Casos Clínicos de Lente de Contato Dental

O Raciocínio Clínico Por Trás de Cada Sorriso

Antes e depois mostra o resultado. Não mostra o caminho. Esta página é diferente. Aqui você acompanha 3 casos reais — desde a queixa até o resultado final — com todas as decisões clínicas expostas: por que fiz gengivoplastia (ou não), por que pedi peça mais espessa em um dente específico, por que mudei a cor do cimento no dente com canal. O objetivo não é impressionar com fotos bonitas. É mostrar como penso.
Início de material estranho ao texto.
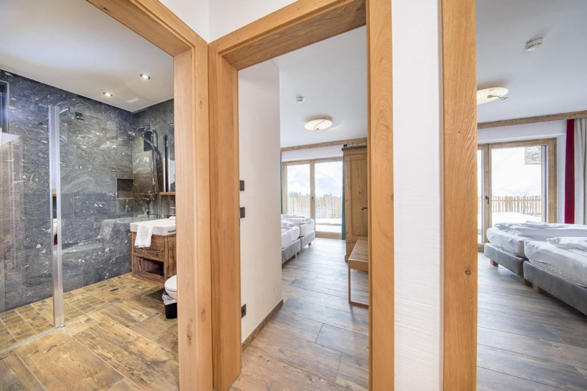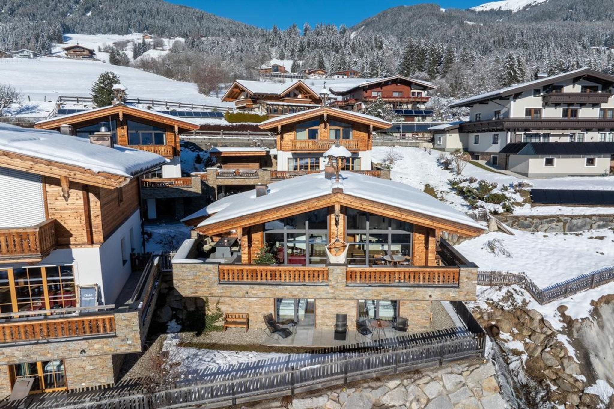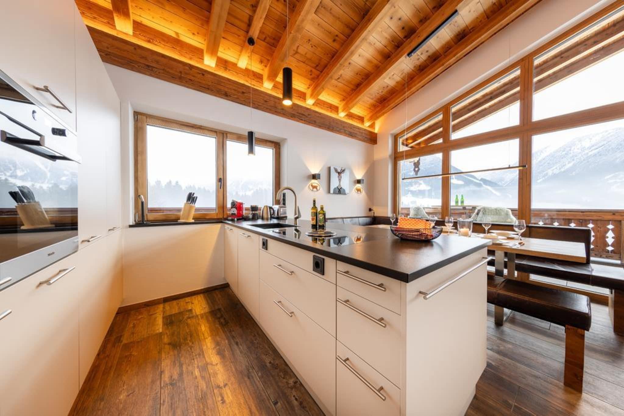 På en helt særlig beliggenhed, sydvest for det berømte Neukirchen am Großvenediger, omgivet af frisk bjergluft, grønne enge og smukke snehvide skråninger, ligger dette smukke, luksuriøse chalet bygget på den solrige skråning af Rossberg. Det smukke chalet er bygget med karakter. Den generøse brug af træ, karakteristiske detaljer, en perfekt finish kombineret med brugen af materialer af høj kvalitet gør huset yderst komfortabelt og luksuriøst. Du føler dig hjemme fra første øjeblik. Dit chalet, hvor I er de eneste gæster, har 2 etager. En af disse etager er opholdsstuen, som tilbyder en fantastisk udsigt gennem de store vinduer. Udover en opholds- og spisestue med hyggelig brændeovn er der også et moderne, åbent køkken udstyret med alt moderne udstyr. Soveværelserne, som er fordelt på etagerne, er meget stemningsfulde og har møbler af høj kvalitet. Du får også din egen private sauna. Du kan parkere to biler på de delvist overdækkede parkeringspladser. Der er flere chaleter i umiddelbar nærhed, hvilket skaber en slags landsby. Der er en centralt beliggende skiudlejning og skiskole. Derudover er der en "Imbiss" med en lille menu til en snack eller en drink. Kan du lide frisk brød hver dag? Intet problem, du kan bestille dette i receptionen. Skiliften med øvelsesbakke ligger i gåafstand fra hytten, perfekt til familier med små børn eller begyndere. Øvede skiløbere kan bringes til liften i det smukke skiområde Wildkogel Arena med den gratis skibus. På grund af beliggenheden lige ved pisten kan du stå på ski tilbage til din hytte, hvis der er nok sne. Vil du have noget anderledes? Skiområderne Zillertal Arena eller Kitzbühel/Kirchberg ligger kun få minutter væk i bil. Om sommeren tilbyder de omkringliggende bjerge og de mange seværdigheder masser af muligheder for den aktive feriegæst eller for dem, der søger ro. I perioden maj til oktober modtager du som gæst Nationalpark Sommercard med gratis adgang til lifter, swimmingpools, aktiviteter, offentlig transport og meget mere. Absolut anbefalet! Et lager af brænde er inkluderet i prisen.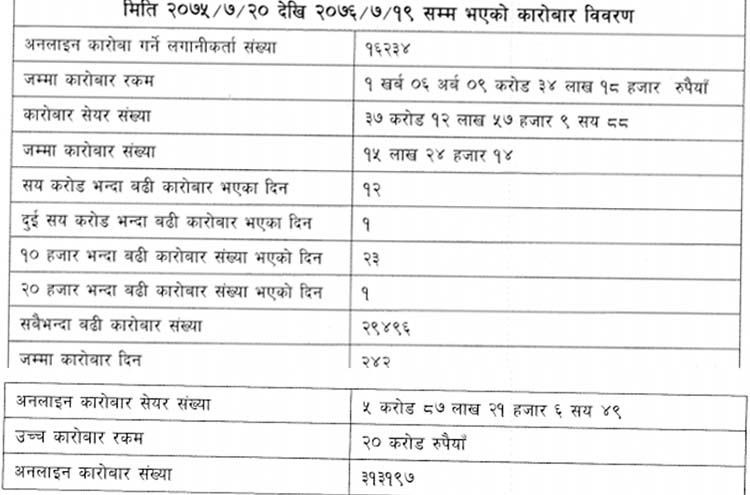 एक वर्षको अवधिमा अनलाइनबाट कूल १६ अर्ब ५४ करोड रुपैयाँको सेयर कारोबार भएको छ । यसैगरी अनलाइन कारोबार सेयर संख्या ५ करोड ८७ लाख रहेको छ भने अनलाइन कारोबार संख्या ३ लाख १३ हजार रहेको छ ।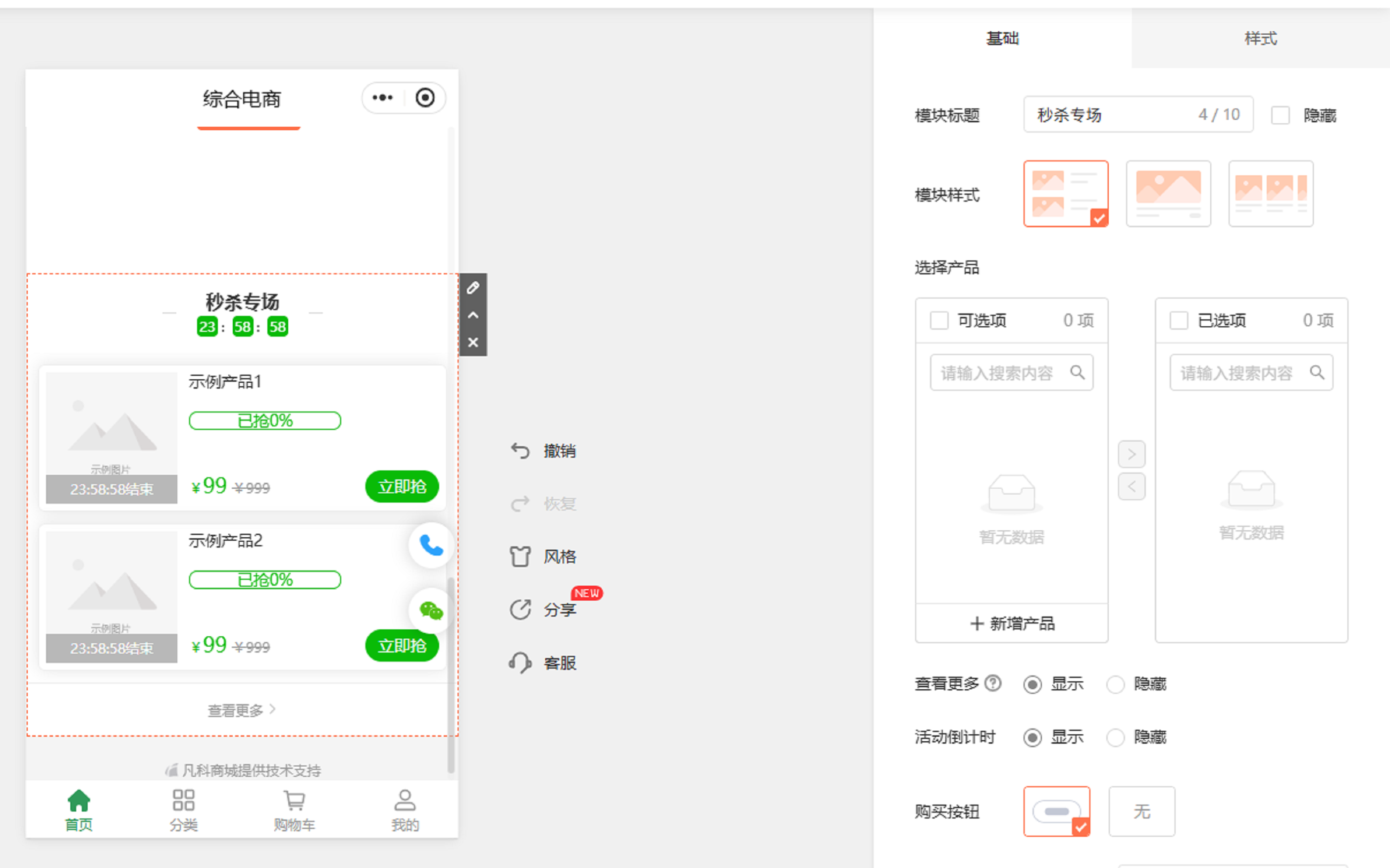 比如,你想進(jìn)一步推廣最近店鋪新推出的營銷活動,那便可以在商城上添加上相應(yīng)的“營銷模板”啦~選擇后,你能夠去編輯其樣式、圖片,還有設(shè)計(jì)按鈕哇!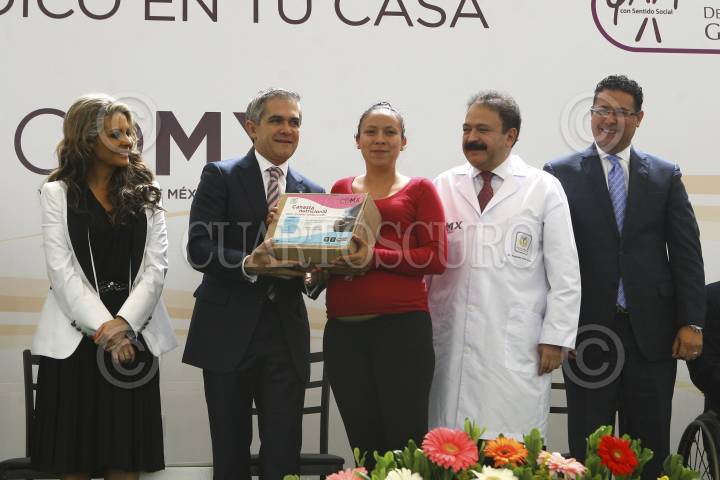 MÉXICO, D.F., 07OCTUBRE2013.- Nora Arias, delegada de Gustavo A. Madero, Miguel Ángel Mancera, Jefe de Gobierno y Armando Ahued, secretario de Salud, durante el arranque del programa "Médico en tu Casa", en la explanada de la delegacional. FOTO: MOISÉS PABLO /CUARTOSCURO.COM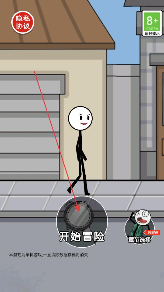 1、在游戲初始界面點擊開始冒險按鈕,進入冒險場景,火柴人處于新環境,準備迎接后續抉擇與挑戰。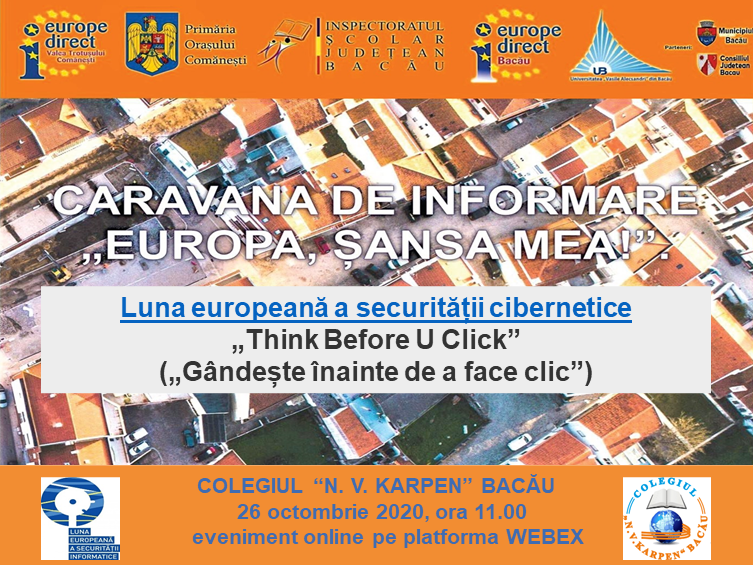 Caravana de informare „Europa, șansa mea", desfășurată de Centrele de Informare Europeană Europe Direct Valea Trotușului Comănești și Europe Direct Bacău ajunge online la Colegiul „N. V. Karpen" Bacău, pentru a promova securitatea online în rândul cetățenilor UE în cadrul Lunii europene a securității cibernetice.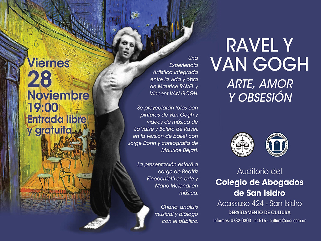 Se proyectarán fotos con pinturas de Van Gogh y videos de música de La Valse y Bolero de Ravel, en la versión de ballet con Jorge Donn y coreografía de Maurice Bejart.
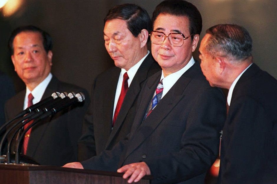 1995年3月18日,国务院总理李鹏和副总理朱镕基、钱其琛等会见采访“两会”的中外记者,并接受采访。李鹏任总理的两届任期内,共在两会记者招待会上回答了124个各类问题,经济问题20个,占16%。(资料图)(限于现有网络资源,图片资料收集不全)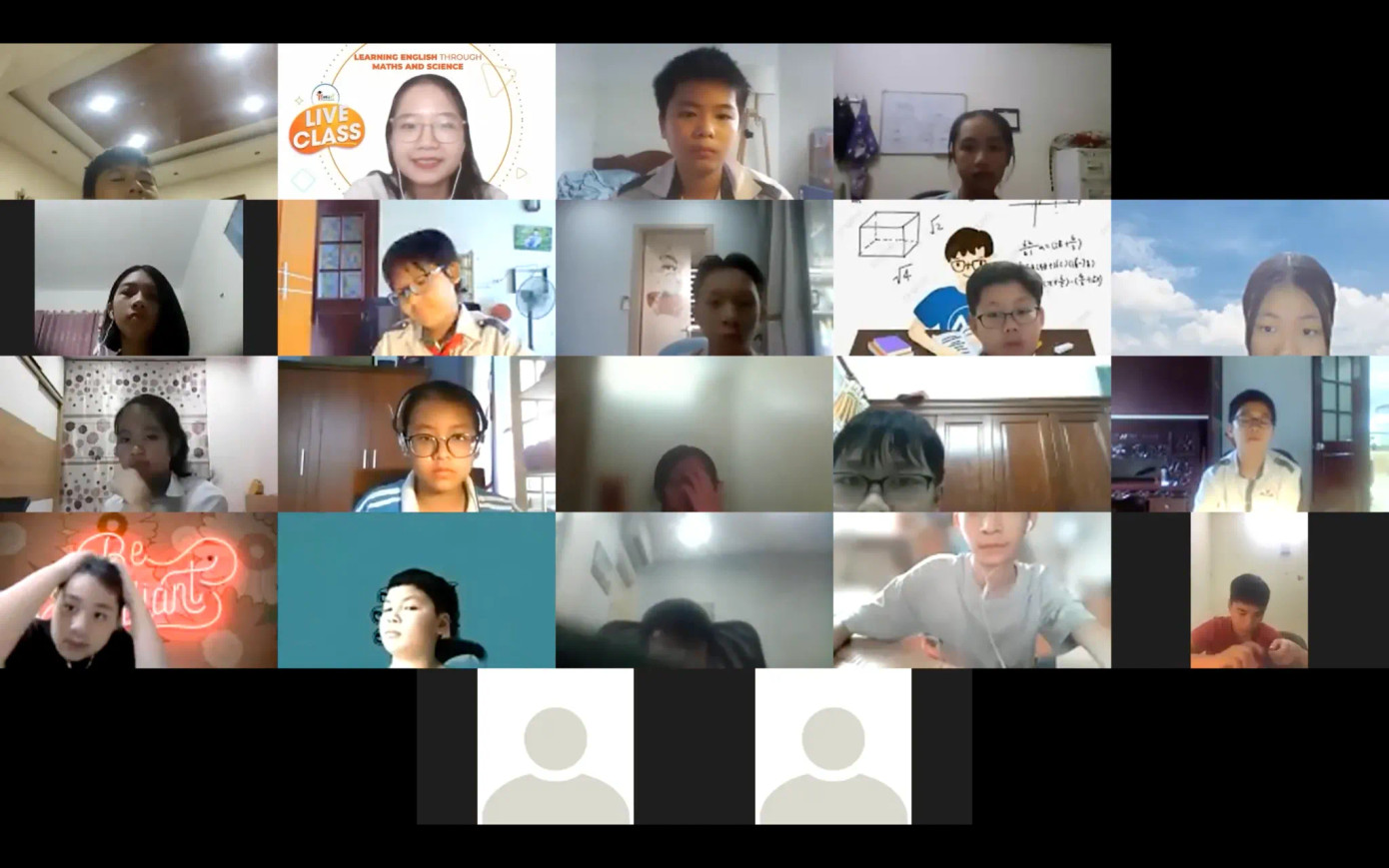 Toàn bộ khung chương trình học và bài tập thực hành được tích hợp liên môn gồm 15 chuyên đề/chủ điểm (tiếng Anh, Toán, Khoa học) được thiết kế để tối ưu môi trường học tập trực tuyến. Mỗi tiết học có thời lượng 45 phút, các em sẽ học với giáo viên nước ngoài trong 15 phút đầu tiên và 30 phút tiếp theo sẽ học với giáo viên Việt Nam. Học phí 1.200.000VND/học sinh/khóa.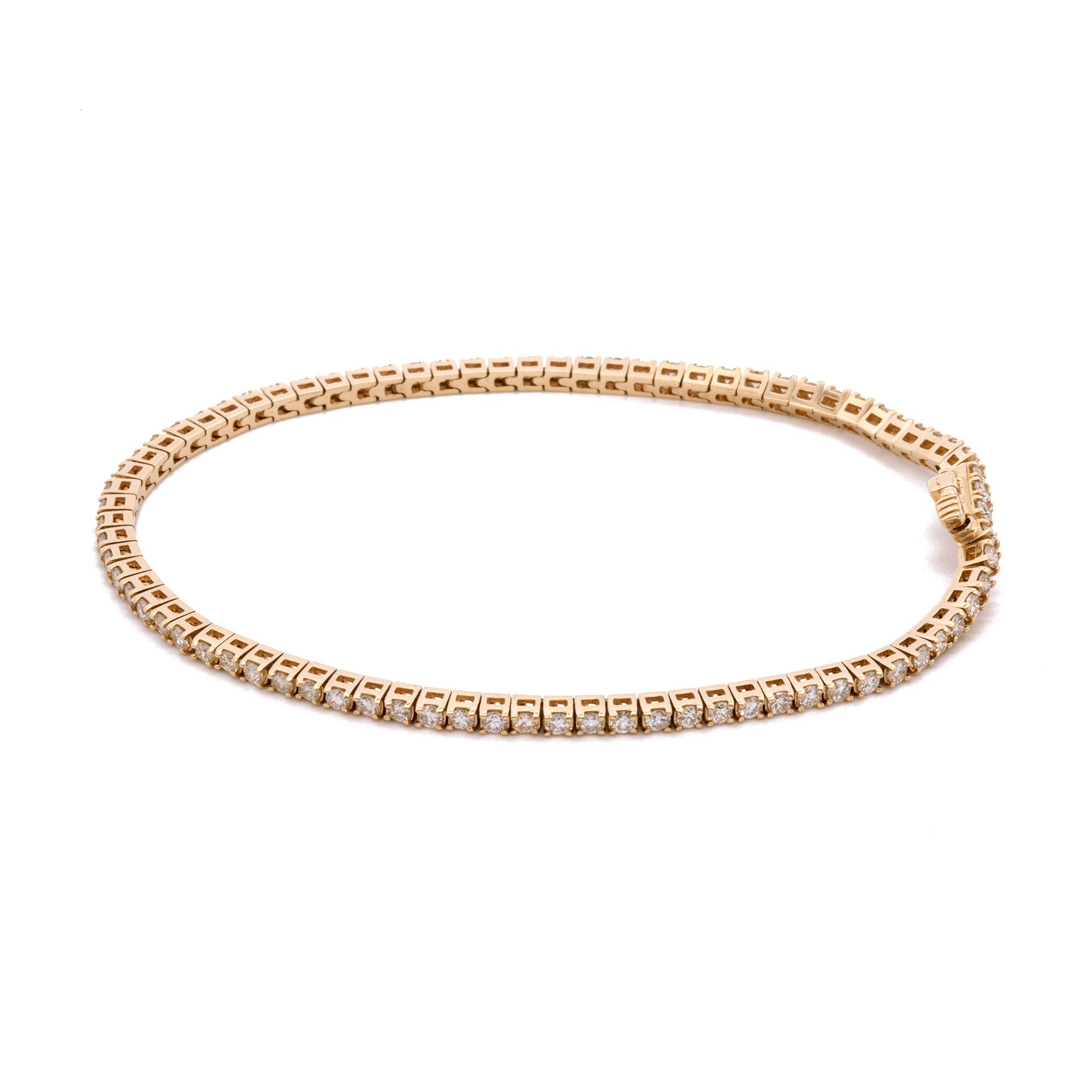 14K Yellow Gold Round Diamond Tennis Bracelet, 7 Inches. Seventy-Nine Diamonds Weigh A Total Of 2.00 Carats.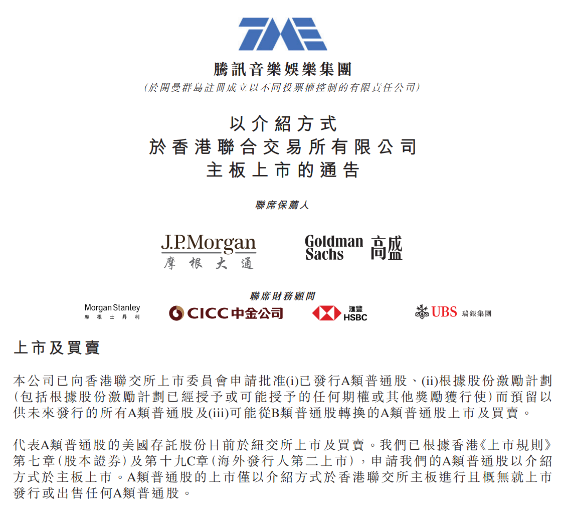 腾讯音乐在港交所公告称,将以介绍方式于香港联合交易所有限公司主板上市,A类普通股预期将于9月21日(星期三)开始在香港联交所买卖。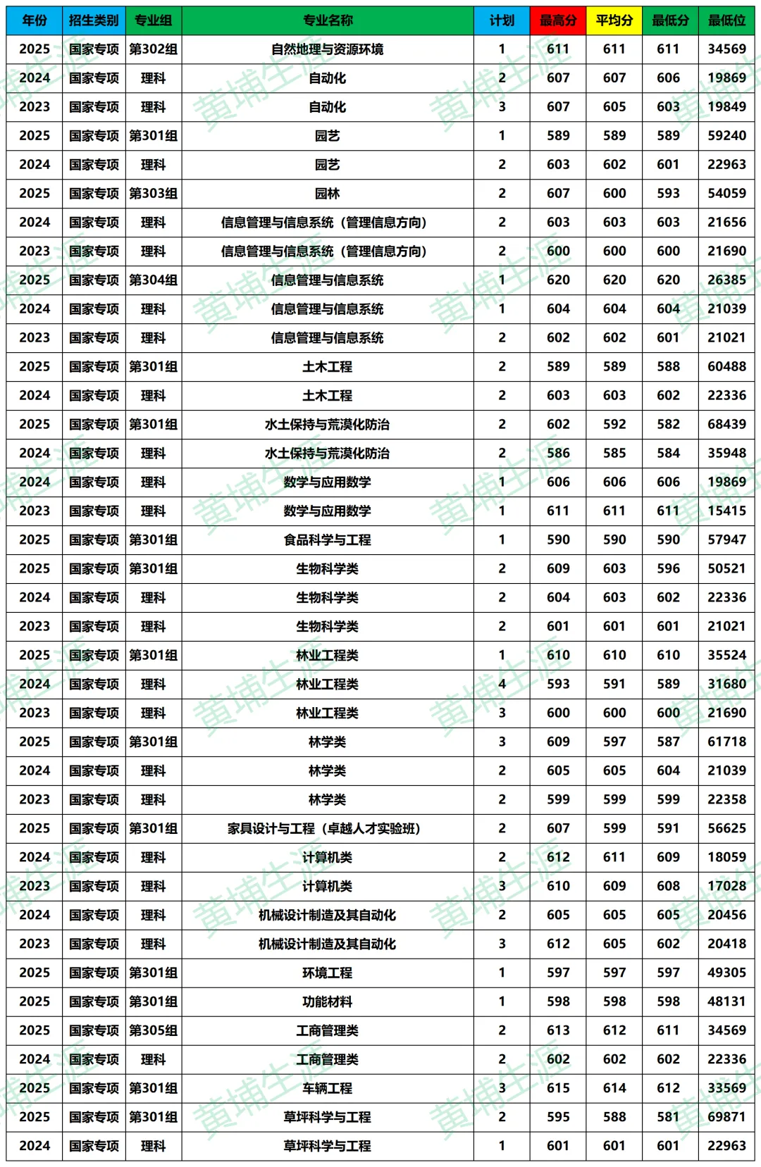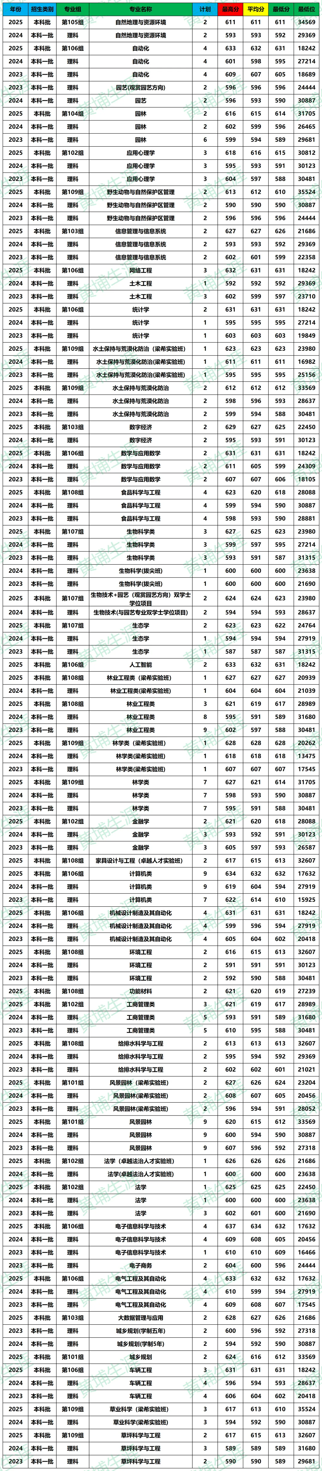 >【北京林业大学】近三年录取专业分析

Caso 1: C.M. — Sorriso gengival + diastemas + resinas antigas

PacienteMulher, 32 anos, sem comorbidades
Queixa“Meus dentes parecem curtos, tenho espaços e as restaurações estão amareladas”
Substrato (VITA)A2 (maioria) / A3 nos centrais (resinas antigas escurecidas)
Peças10 lentes (15 a 25) — e.max Press HT
Ajuste no dente 11 e 21Peça mais espessa (0,5-0,6 mm) + cimento A1 para compensar substrato A3
CimentoAllcem Veneer APS A1 (centrais) / Trans (demais)
Tratamentos préviosGengivoplastia com osteotomia + clareamento vizinhos/inferiores
Prazo total14 semanas

O que encontrei

Camila tinha três problemas sobrepostos: sorriso gengival por erupção passiva alterada (dentes pareciam curtos porque a gengiva não migrou), diastemas múltiplos entre anteriores e 4 restaurações de resina nos centrais e laterais com mais de 8 anos — amareladas e com margem visível. Substrato geral A2, mas os centrais estavam mais escuros (A3) por causa das resinas extensas e da dentina exposta por baixo. Oclusão estável, sem bruxismo. Sondagem: crista óssea a menos de 2 mm da margem nos centrais — erupção passiva alterada tipo 1A.

O dilema

Gengivoplastia era clara — mas a proximidade óssea exigia osteotomia, não gengivoplastia simples. Simples sem remover osso = recídiva. Osteotomia adicionou 100 dias ao prazo, mas garantiu estabilidade definitiva.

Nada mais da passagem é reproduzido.